Man kann es auch deutlicher sagen: Elektroautos sind heute nur deshalb noch so billig, weil sie von Autos mit Verbrennungsmotoren mitfinanziert werden. Gibt es nur noch Elektroautos, werden sie Luxusgegenstände sein. Auch die Stromproduktion kann nicht einfach verzehnfacht werden. Bereits bei einer Verdoppelung würde der Strompreis in ungeahnte Höhen schießen. Deshalb ist es Heuchelei, das Elektroauto als klimaverträgliche Lösung für den Individualverkehr zu verkaufen. Es ist sein Ende.

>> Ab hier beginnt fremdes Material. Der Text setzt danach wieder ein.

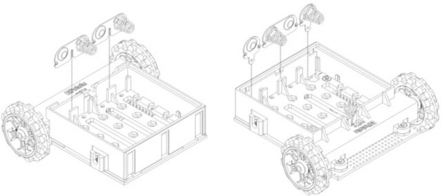 Coloca los motores en el canal de la parte delantera del chasis.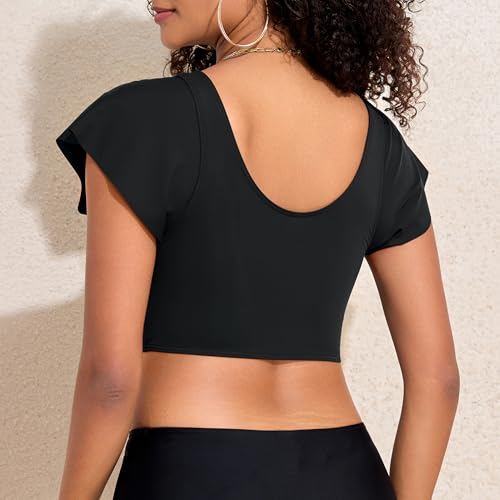 Fabric type: 80% Polyamide, 20% SpandexCare instructions: Hand Wash OnlyOrigin: ImportedClosure type: Pull OnPush Up bikini top features an underwire design that provides bust support. Swim top comes with removable padding, allowing you to customize your fit for comfort and confidenceSupportive bikini tops designed with non-adjustable shoulder straps and charming short sleeves adorned with ruffle details, swimsuit top exudes elegance and playfulnessV neck swimsuit tops with a front twist ruched design provides excellent lift and shaping, underwire bikini tops enhances your natural curves for a stunning beach-ready lookLongline bikini top provides moderate coverage, making it easy to pair with tankini or bikini bottoms, skirts, or shorts. Mix and match to create your ideal summer outfit.Front twist bathing suit tops made from tender, breathable material that is durable and wrinkle-resistant, short sleeves bikini top is perfect for summer wear Perfect for everyday use. superior materials and excellent craftsmanship ensure long-lasting durability.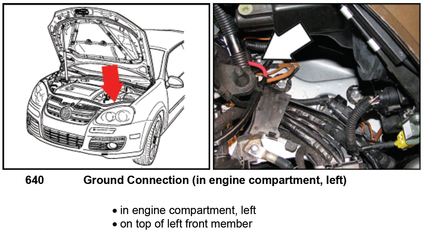Ground Connection (In Engine Compartment, Left) 640: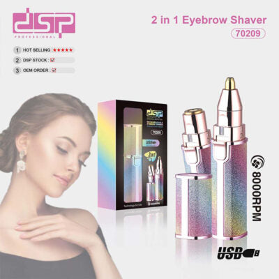 تتضمن مجموعة تشذيب الحواجب النسائية 2 في 1 أداة تشذيب شعر الحواجب والأنف عبر USB ومزيل شعر الجسم الذي يمكنك استخدامه لشعر الوجه والعناية بالوجه والذقن والشفة العليا والخدين.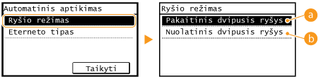 bakstelėkite <Pakaitinis dvipusis ryšys> arba <Nuolatinis dvipusis ryšys>.![]() <Pakaitinis dvipusis ryšys>Pakaitomis siunčia ir priima ryšio duomenis. Pasirinkite, jei aparatas prijungtas prie tinklo įrenginio naudojant pusiau dvikryptį ryšį.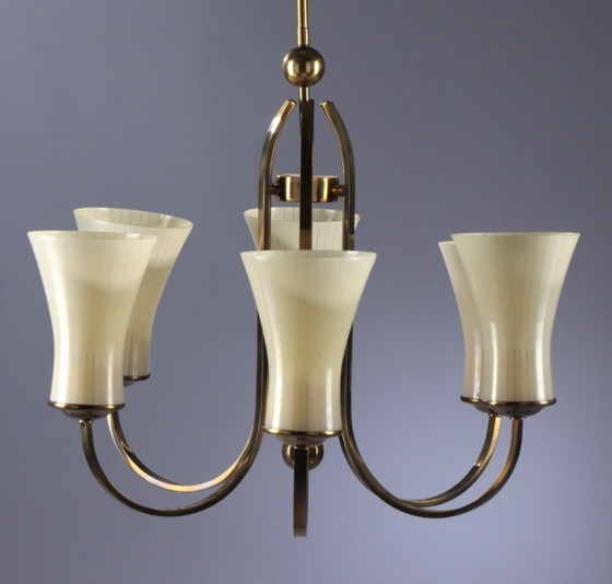 Dieser exquisite französische Art-Déco-Kronleuchter besticht durch eine atemberaubende Kombination aus Gold- und Cremetönen und verkörpert die Eleganz und Raffinesse der Art-Déco-Ära. Er ist aus hochwertigem Metall und Glas gefertigt und besticht durch sein zeitloses Design mit fünf anmutig geschwungenen Armen und schön geformten Glasschirmen. Dieser Kronleuchter eignet sich perfekt, um jedem Raum einen Hauch von Vintage-Charme zu verleihen. Er ist ein echtes Statement, das Ihre Inneneinrichtung aufwertet.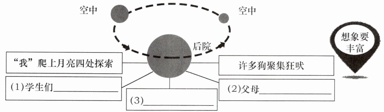5.月亮“停留在我们的后院”,小镇发生了哪些不寻常的事?阅读绘本,补全思维导图。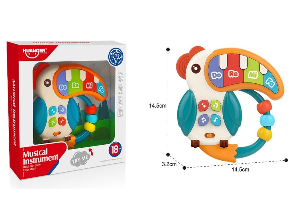 Edukacyjna Zabawka Muzyczna Tukan Pianinko Grzechotka Melodie Dźwięki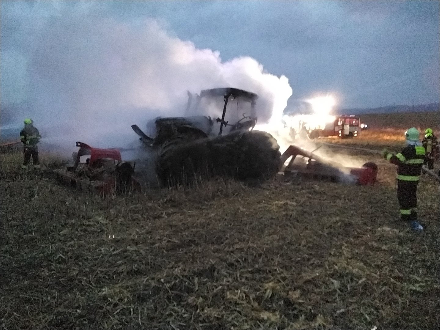 Po příjezdu byl traktor zasažen plameny v plném rozsahu.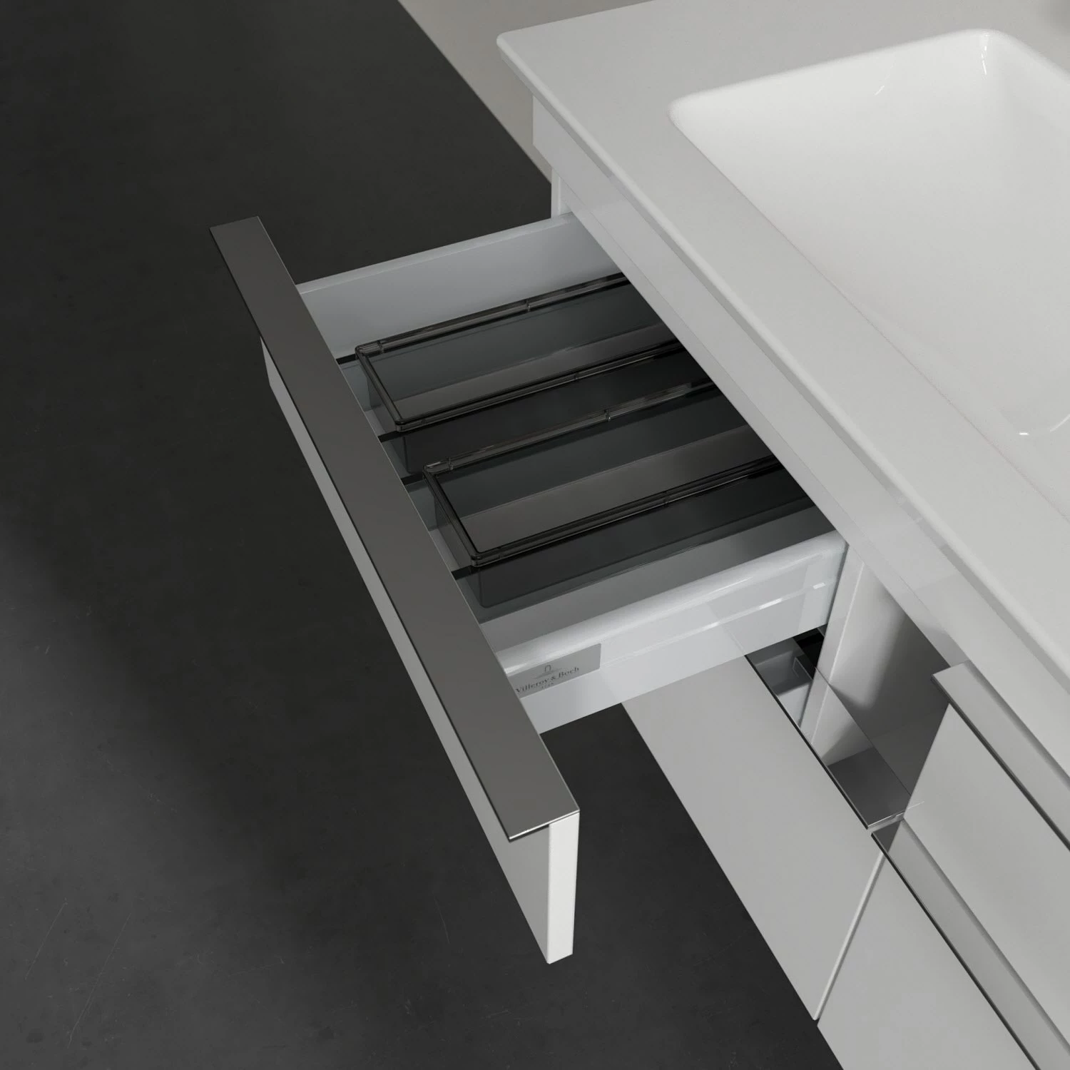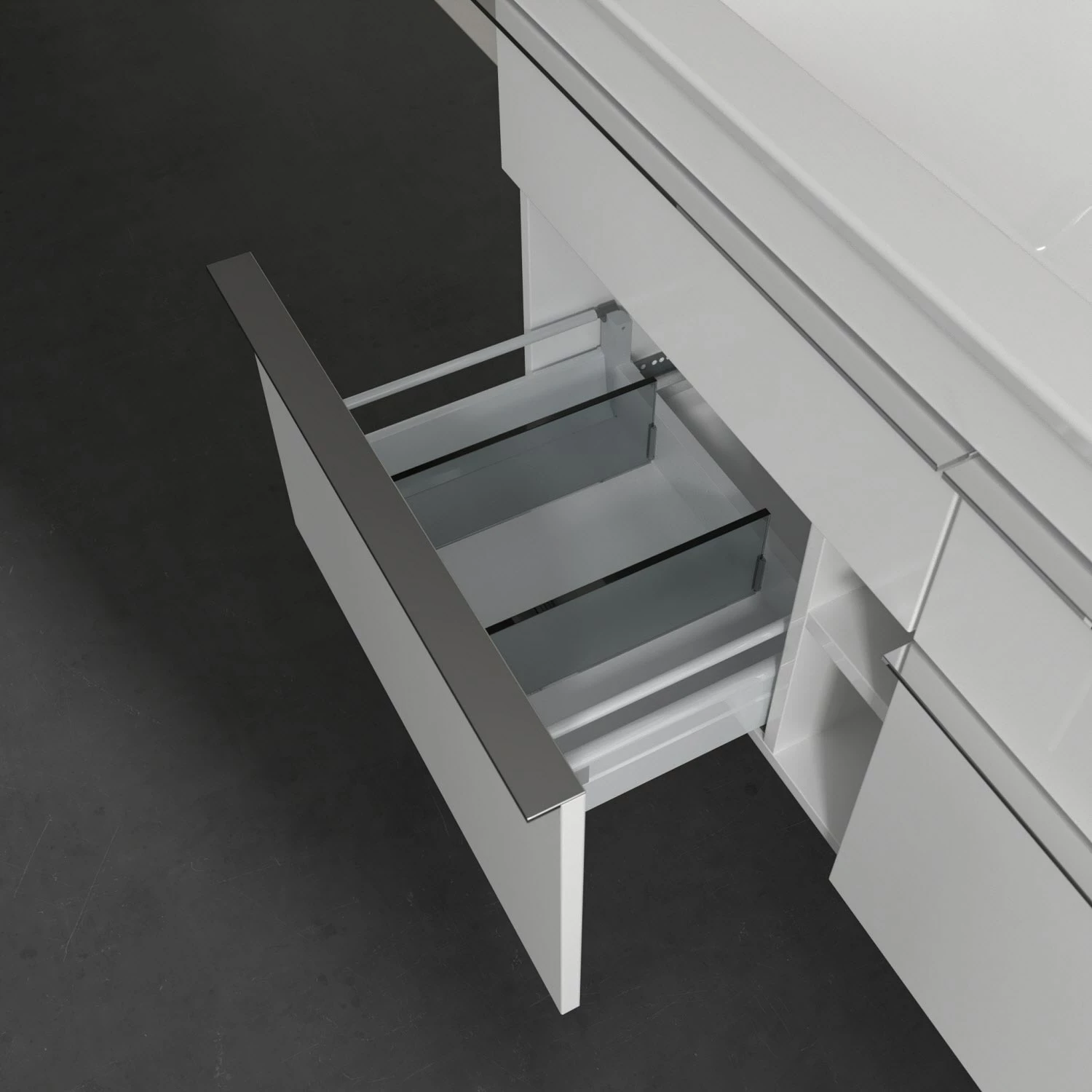 - Die praktische Innenaufteilung von Villeroy & Boch Badmöbeln sorgt für Ordnung und Übersichtlichkeit im Badezimmer. Dank variabler Elemente wie Accessory Boxen unterschiedlicher Größen oder verstellbarer Glasabtrennungen finden sich häufig genutzte Badutensilien direkt auf den ersten Blick.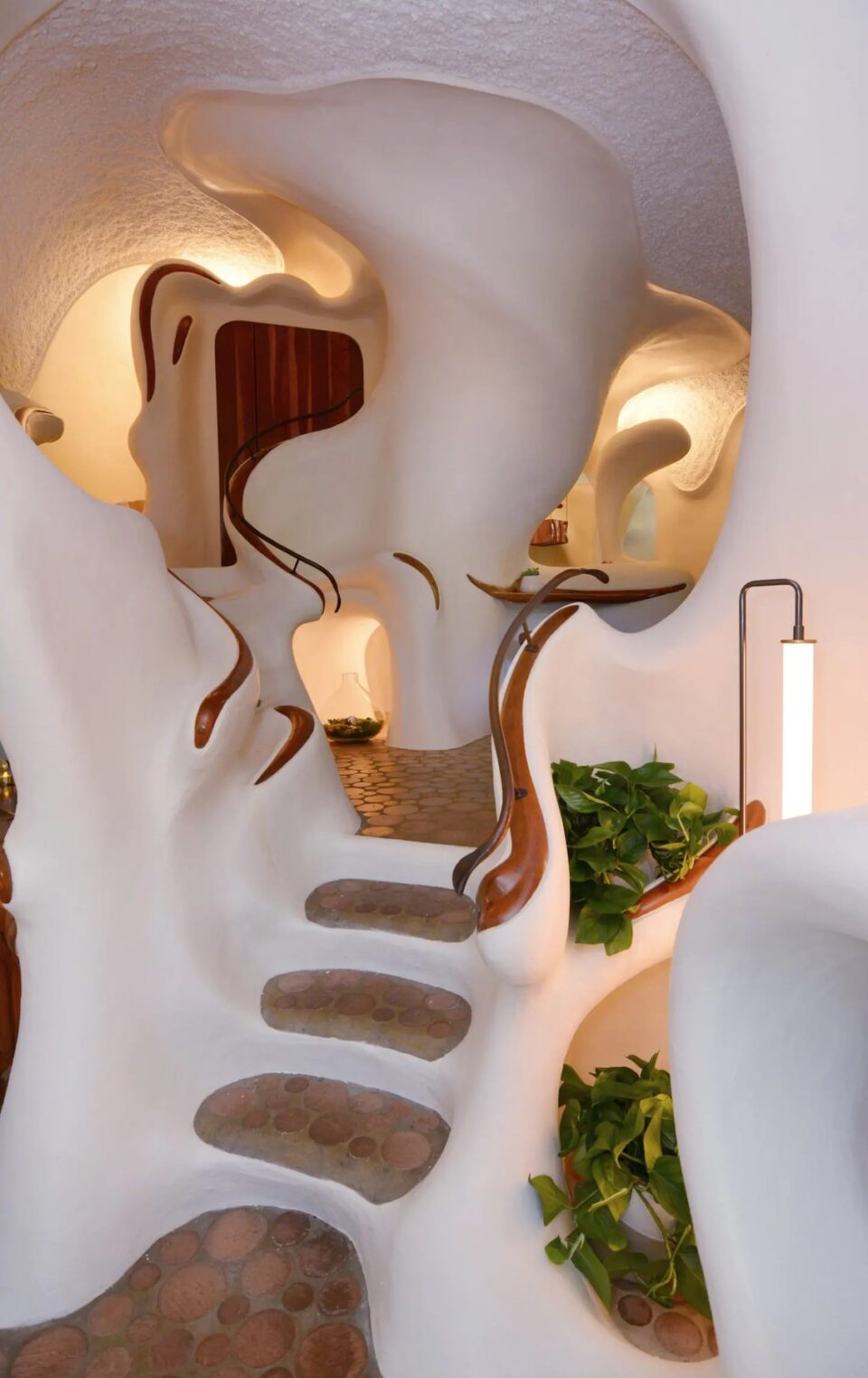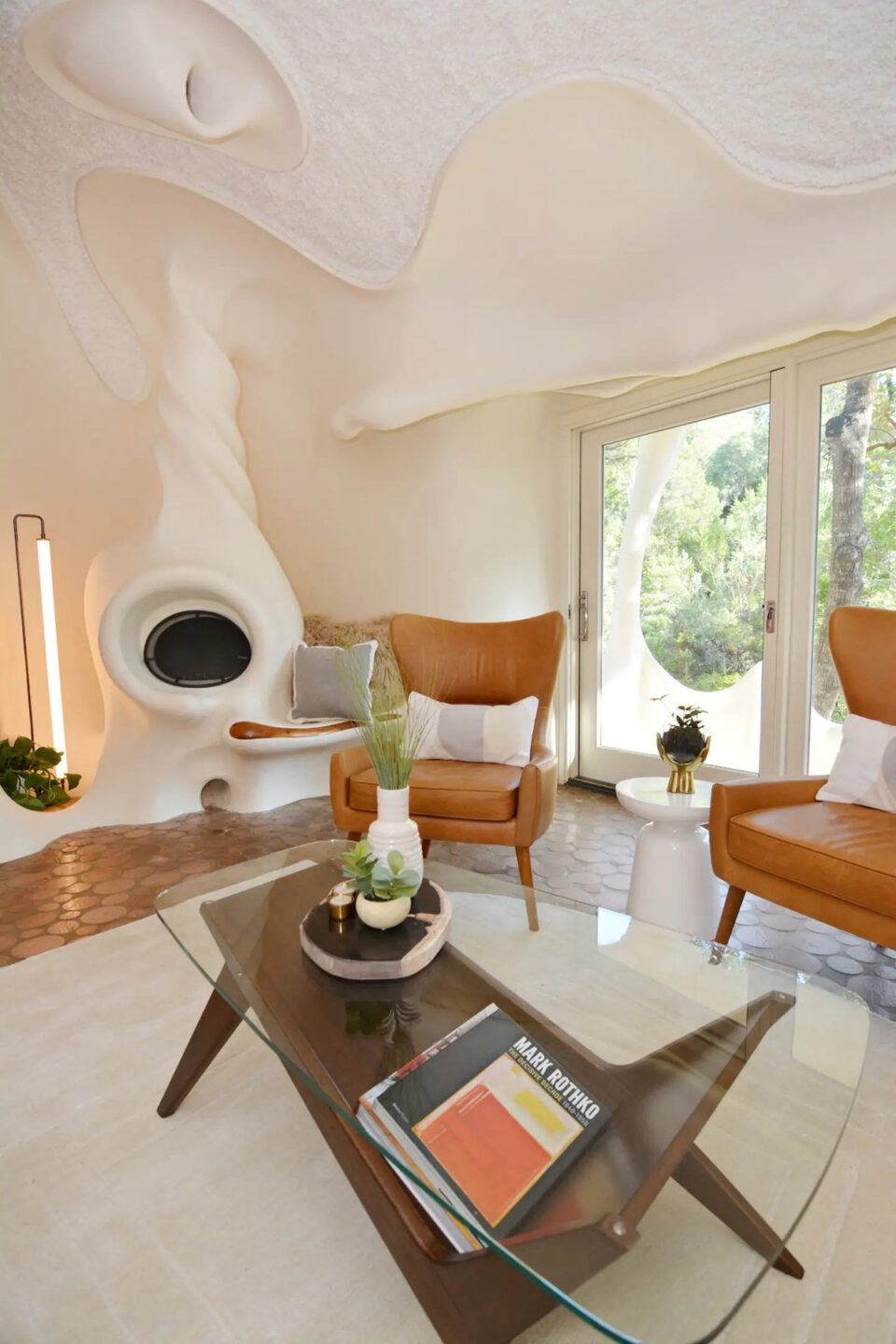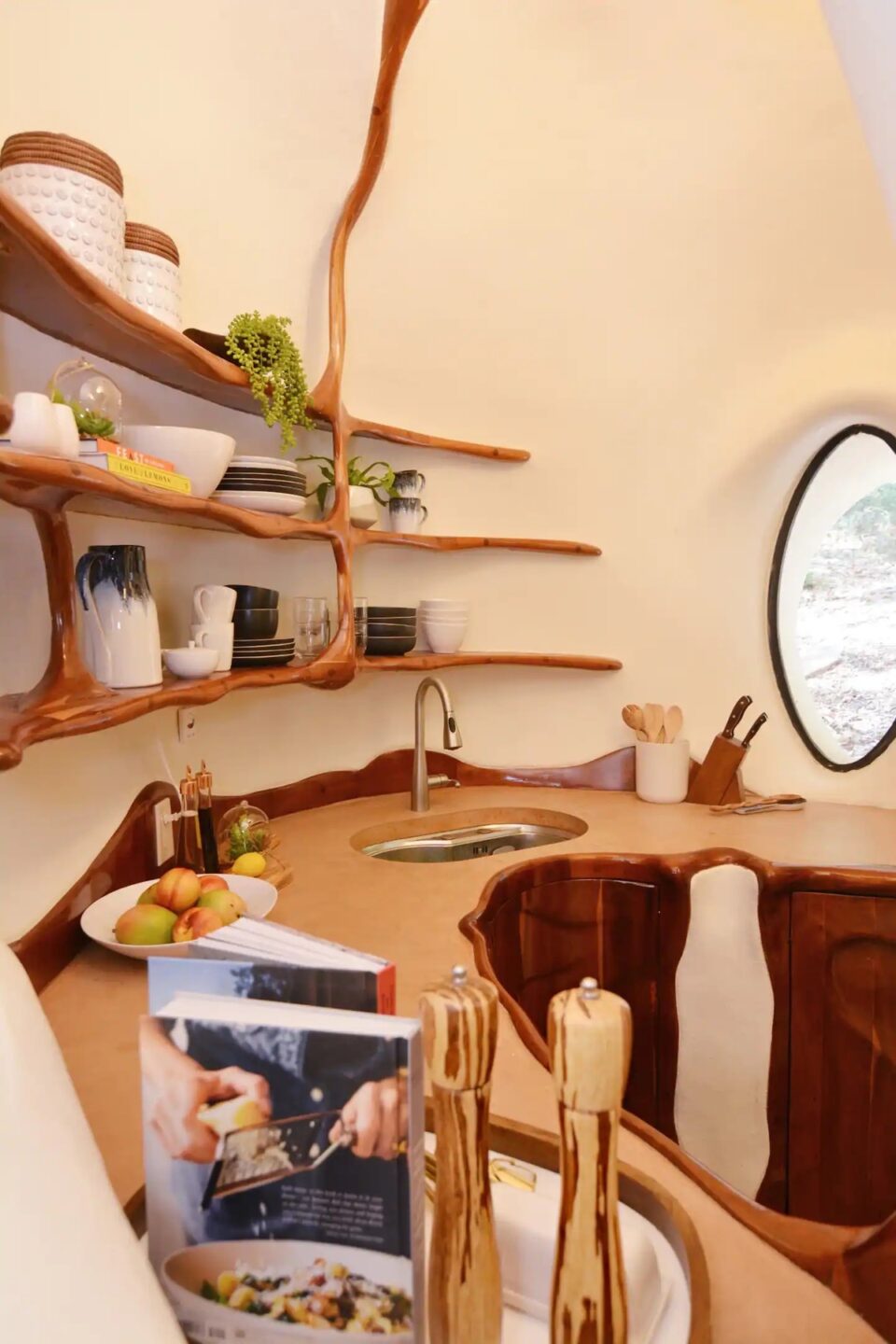 Într-o zonă de deal din Texas, o casă cu formă neregulată – devenită hotel – provoacă arhitectura clasică și designul interior la depășirea limitelor. Liniile organice și materialele atipice caracterizează Bloomhouse, o locuință pentru patru persoane, care se dovedește o contrucție atemporală, total în trend și după 50 de ani de la apariție. La începutul anilor 1970, Dalton Bloom și Charles Harke din Austin (Texas) au gândit o construcție îndrăzneață și durabilă, astfel că au creat Bloomhouse – o casă neobișnuită prin formele organice și materialele folosite. Construită pe dealurile din vestul orașului Austin, Bloomhouse a căutat să surprindă interacțiunea simbiotică dintre om și natură. Forma sa organică, care se ridică din pământ, imită fluxul aerului, curba vântului și creșterea și descreșterea blândă a melodiei naturii, într-un ritm familiar și fantastic totodată. Bloomhouse a fost construită cu metode și materiale neobișnuite: pornește cu forme de bază din armătură de oțel, acoperite cu straturi de spumă poliuretanică, sculptate apoi manual cu fierăstrăul, timp de șapte luni. Cochilia – pentru că, în final, forma exterioară se aseamănă cu o scoică – este finisată cu straturi de stuc de beton atât la interior, cât și la exterior. Rezultatul este o structură remarcabil de bine izolată și ecologică. Interioarele fluide modelează un stil de viață organic În interior, arhitectura fluidă înlocuiește pereții tradiționali, fiind incluse accente din lemn de cireș, rafturi și dulapuri sculptate in situ pentru a completa și a scoate în evidență formele naturale. Fără colțuri la vedere, această casa poate găzdui până la patru persoane, într-un mediu confortabil și cu forme organice. Tavanele sunt acoperite cu fibre naturale reciclate, fonoabsorbante. Plăci de beton lucrate manual și plăci ceramice, asemănătoare unor discuri de cedru tăiate la capăt, acoperă podelele atât la interior, cât și la exterior. Dormitorul principal are un design sculptural, pat queen-size, precum și un balcon privat și o baie proprie. Spațiile de dormit suplimentare și colțișoarele confortabile oferă flexibilitate pentru familiile mici sau pentru oaspeții suplimentari. Coborând pe scara în spirală, se deschide o zonă privată cu canapea extensibilă, cu o masă de toaletă și o ușă de terasă către grădină. Bucătăria are o formă atipică – mobilier pe colț rotunjit și cu rafturi deschise care se mulează pe forma organică a pereților, dar și cu o deschidere către zona de zi, unde un fel de masă cu două scaune de bar poate servi drept loc pentru micul dejun. Așa ciudată cum este, bucătăria are totși toate cele necesare, de la cuptor cu microunde, frigider și congelator și până la plită electrică și aparat pentru cafea. Construcția structurii – premiată ulterior la competiții de profil – a durat 11 ani și a fost considerată o capodoperă a arhitecturii contemporane încă de la deschidere. O restaurare temeinică, în 2017 și 2018, a readus Bloomhouse la gloria sa originală, transformând-o totodată într-o locație pentru închiriere pe termen scurt și lung. Forma atipică a clădirii are însă și aspecte mai puțin comode. Potrivit Airbnb, din cauza arhitecturii unice, a curbelor și a designului deschis, The Bloomhouse nu este potrivită pentru copiii sub 5 ani. Foto: Profimedia CITEȘTE ȘI: Wave House: unde arhitectura tropicală se lasă modelată de împrejurimi Arhitectura contrastelor în Norvegia, în restaurantul care coboară în mare Hotelul din copaci: camere suspendate în pădurea sălbatică din Suedia Distribuie articolul pe:

Damit tappen die Damen Esken und Büüsker in ihrem Interview naiv in jenen Graben, der die Gesellschaft mehr und mehr spaltet. Auf der einen Seite stehen jene, die sich in unentwegtem Moralisieren eine schöne neue Welt ausdenken, sich aber nicht vorstellen können, dass es womöglich Menschen gibt, die in dieser schönen neuen Welt keine Überlebenschancen hätten. Auf der anderen Seite wächst der Unmut, dass ausgerechnet in einer Demokratie eine neue Welt beschlossen wird, ohne deren Bewohner in diese Pläne einzuweihen oder sie gar zu fragen, wie sie diese neue Welt finden. Sobald die Übergangenen aber ihr verletztes Mitspracherecht beklagen, werden sie flugs als „Abgehängte“ deklassiert.

Stellungnahme von Frau Esken steht aus

Weil dies nicht gerade wertschätzend und respektvoll klingt, entsteht in den so genannten Abgehängten jenes Gefühl, das Menschen wie Frau Esken und Frau Büüsker neuerdings Hass nennen. Frau Büüsker ist Historikerin und Gender-Wissenschaftlerin. Sie hat gelernt, was 1789 aus dem königlichen Satz wurde: Wenn das Volk kein Brot hat, soll es doch einfach Kuchen essen. 2019 lautet dieselbe Logik, dass das Volk einfach Elektroautos fahren soll.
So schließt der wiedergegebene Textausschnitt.